→ Goal of the exercise
From the entries below, reproduce exactly the lines from the one with "Продолжаем препарировать 2022" through the one with "3. 输入我想要写的小说主题", both included, without images.
Start of Dataset
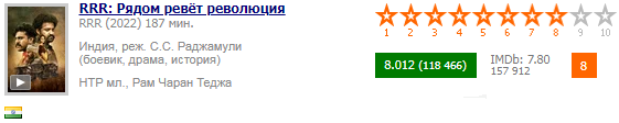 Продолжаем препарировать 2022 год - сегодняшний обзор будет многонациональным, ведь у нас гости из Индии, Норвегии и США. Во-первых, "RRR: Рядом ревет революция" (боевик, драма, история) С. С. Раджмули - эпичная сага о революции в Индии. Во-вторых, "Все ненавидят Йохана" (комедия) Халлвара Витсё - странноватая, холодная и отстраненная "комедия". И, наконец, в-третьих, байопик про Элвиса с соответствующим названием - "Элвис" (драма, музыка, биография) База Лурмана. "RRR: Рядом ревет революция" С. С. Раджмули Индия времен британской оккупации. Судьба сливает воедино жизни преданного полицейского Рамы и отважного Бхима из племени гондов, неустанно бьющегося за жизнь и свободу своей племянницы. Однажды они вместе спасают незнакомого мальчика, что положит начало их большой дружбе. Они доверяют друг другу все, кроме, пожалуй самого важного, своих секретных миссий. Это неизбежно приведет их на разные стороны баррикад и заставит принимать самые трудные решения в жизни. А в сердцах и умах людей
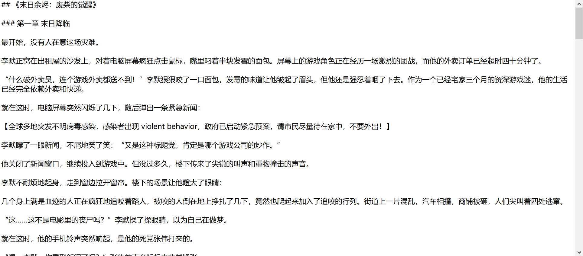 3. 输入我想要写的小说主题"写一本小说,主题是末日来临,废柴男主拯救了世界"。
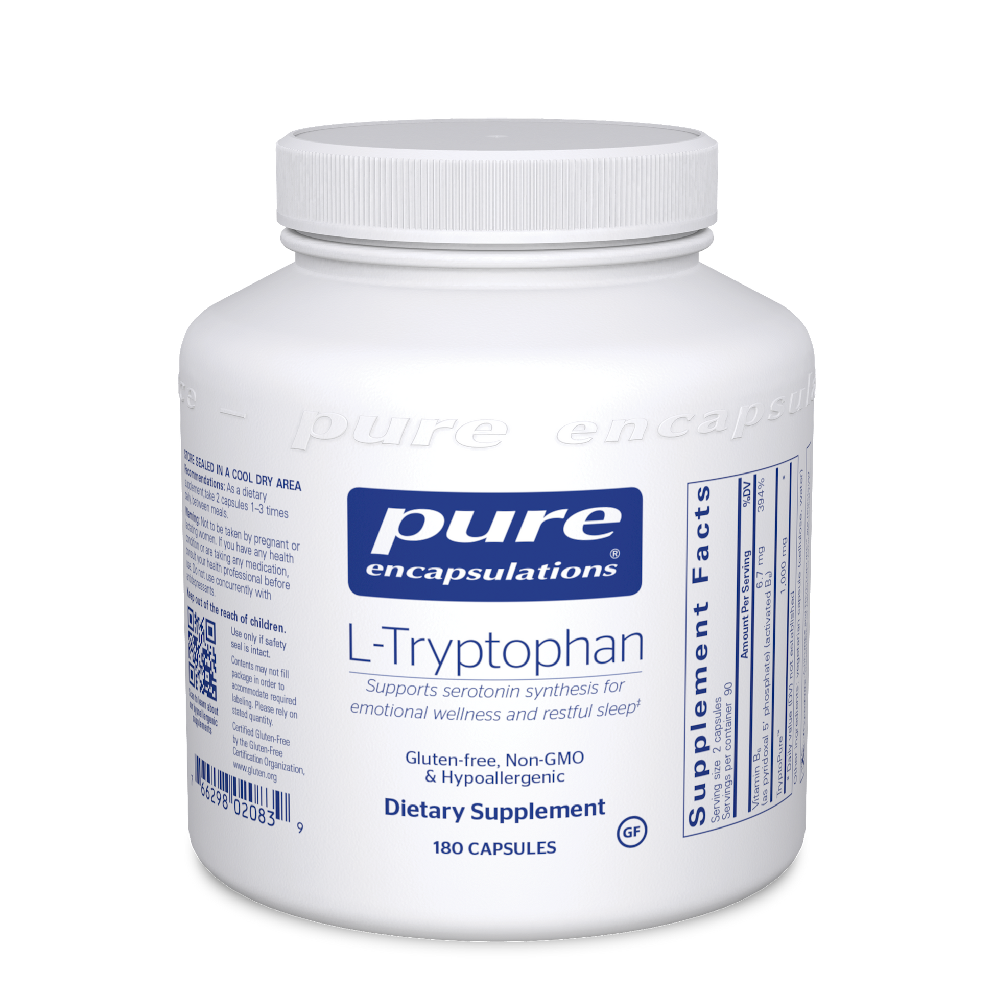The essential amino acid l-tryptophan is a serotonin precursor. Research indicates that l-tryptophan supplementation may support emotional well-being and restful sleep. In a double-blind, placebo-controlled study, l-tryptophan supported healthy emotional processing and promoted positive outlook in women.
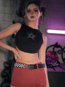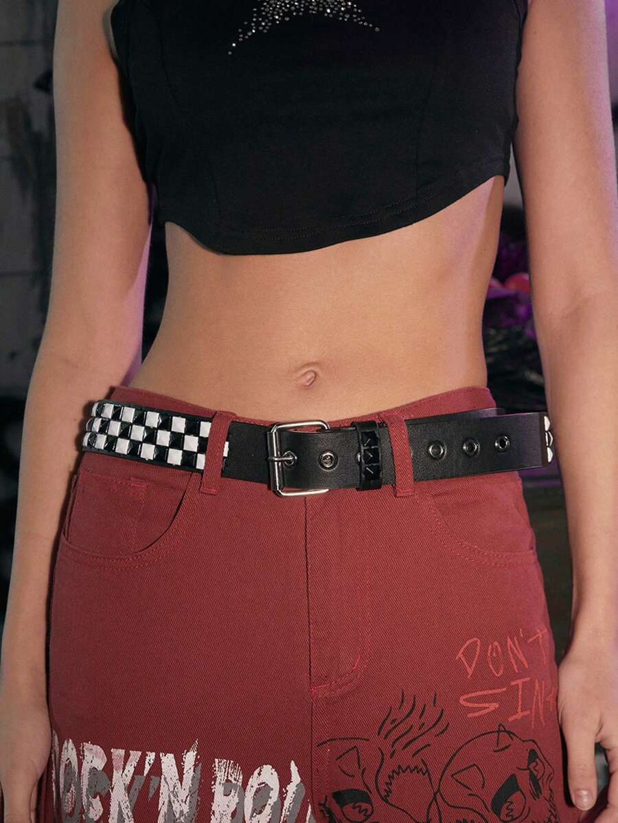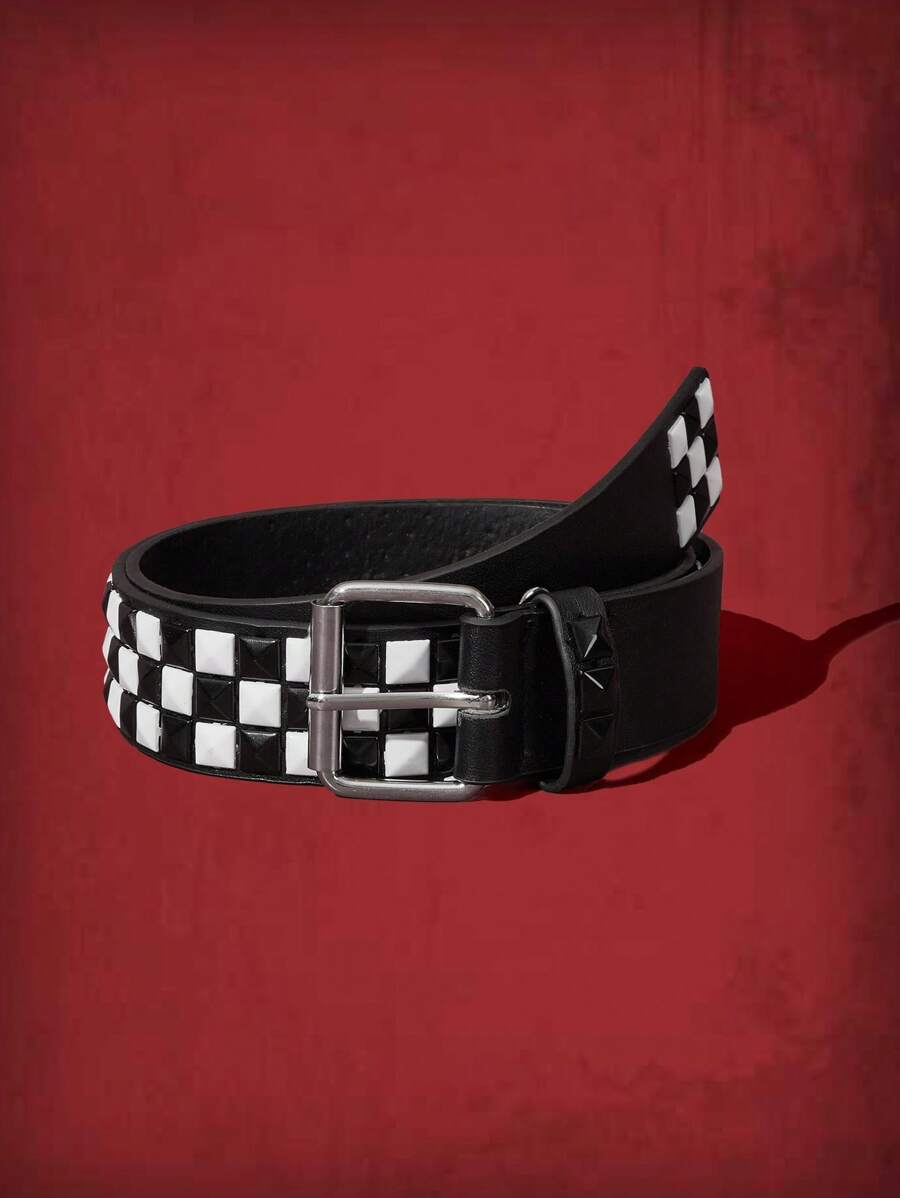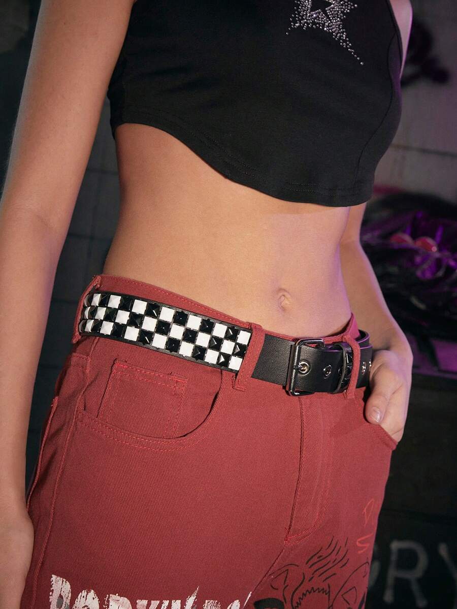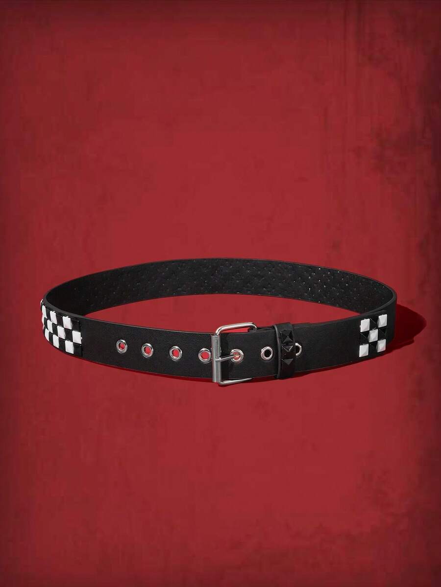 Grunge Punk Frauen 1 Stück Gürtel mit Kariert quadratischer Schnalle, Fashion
End of Dataset
Start of Dataset
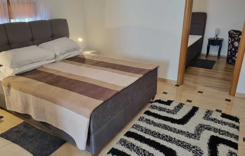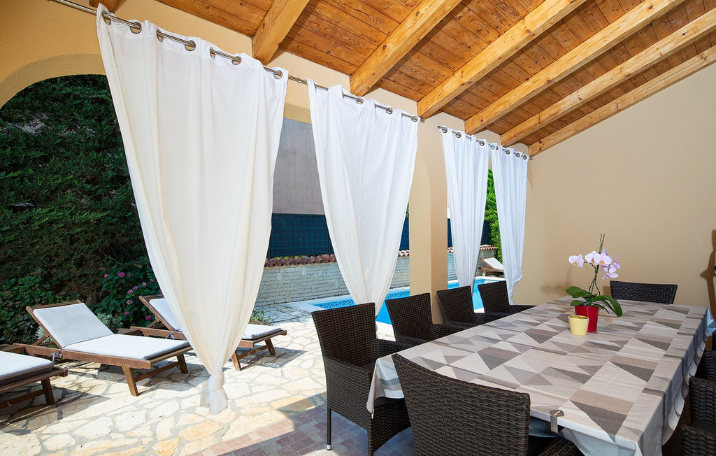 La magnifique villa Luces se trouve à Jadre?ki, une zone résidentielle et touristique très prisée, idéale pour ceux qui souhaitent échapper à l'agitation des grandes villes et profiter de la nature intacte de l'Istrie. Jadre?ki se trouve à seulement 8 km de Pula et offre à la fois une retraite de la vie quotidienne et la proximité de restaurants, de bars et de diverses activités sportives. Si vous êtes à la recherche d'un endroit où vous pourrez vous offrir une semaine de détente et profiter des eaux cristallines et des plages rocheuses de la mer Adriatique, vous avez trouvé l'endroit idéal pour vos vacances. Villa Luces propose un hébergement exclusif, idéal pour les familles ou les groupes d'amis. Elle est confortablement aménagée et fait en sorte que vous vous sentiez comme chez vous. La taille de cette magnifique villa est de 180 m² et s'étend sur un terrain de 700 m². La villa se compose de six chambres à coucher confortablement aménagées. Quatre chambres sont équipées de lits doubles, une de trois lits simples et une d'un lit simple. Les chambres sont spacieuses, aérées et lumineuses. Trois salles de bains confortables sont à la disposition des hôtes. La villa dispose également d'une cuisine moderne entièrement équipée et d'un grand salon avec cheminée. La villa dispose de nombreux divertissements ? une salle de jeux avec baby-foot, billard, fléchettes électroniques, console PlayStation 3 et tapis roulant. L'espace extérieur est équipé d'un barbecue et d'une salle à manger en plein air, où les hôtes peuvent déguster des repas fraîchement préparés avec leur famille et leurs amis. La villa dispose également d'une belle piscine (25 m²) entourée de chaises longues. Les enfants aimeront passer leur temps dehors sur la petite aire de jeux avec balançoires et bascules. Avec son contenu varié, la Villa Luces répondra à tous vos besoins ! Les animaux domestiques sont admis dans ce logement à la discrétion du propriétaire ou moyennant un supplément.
End of Dataset
→ Task output
 Продолжаем препарировать 2022 год - сегодняшний обзор будет многонациональным, ведь у нас гости из Индии, Норвегии и США. Во-первых, "RRR: Рядом ревет революция" (боевик, драма, история) С. С. Раджмули - эпичная сага о революции в Индии. Во-вторых, "Все ненавидят Йохана" (комедия) Халлвара Витсё - странноватая, холодная и отстраненная "комедия". И, наконец, в-третьих, байопик про Элвиса с соответствующим названием - "Элвис" (драма, музыка, биография) База Лурмана. "RRR: Рядом ревет революция" С. С. Раджмули Индия времен британской оккупации. Судьба сливает воедино жизни преданного полицейского Рамы и отважного Бхима из племени гондов, неустанно бьющегося за жизнь и свободу своей племянницы. Однажды они вместе спасают незнакомого мальчика, что положит начало их большой дружбе. Они доверяют друг другу все, кроме, пожалуй самого важного, своих секретных миссий. Это неизбежно приведет их на разные стороны баррикад и заставит принимать самые трудные решения в жизни. А в сердцах и умах людей
 3. 输入我想要写的小说主题"写一本小说,主题是末日来临,废柴男主拯救了世界"。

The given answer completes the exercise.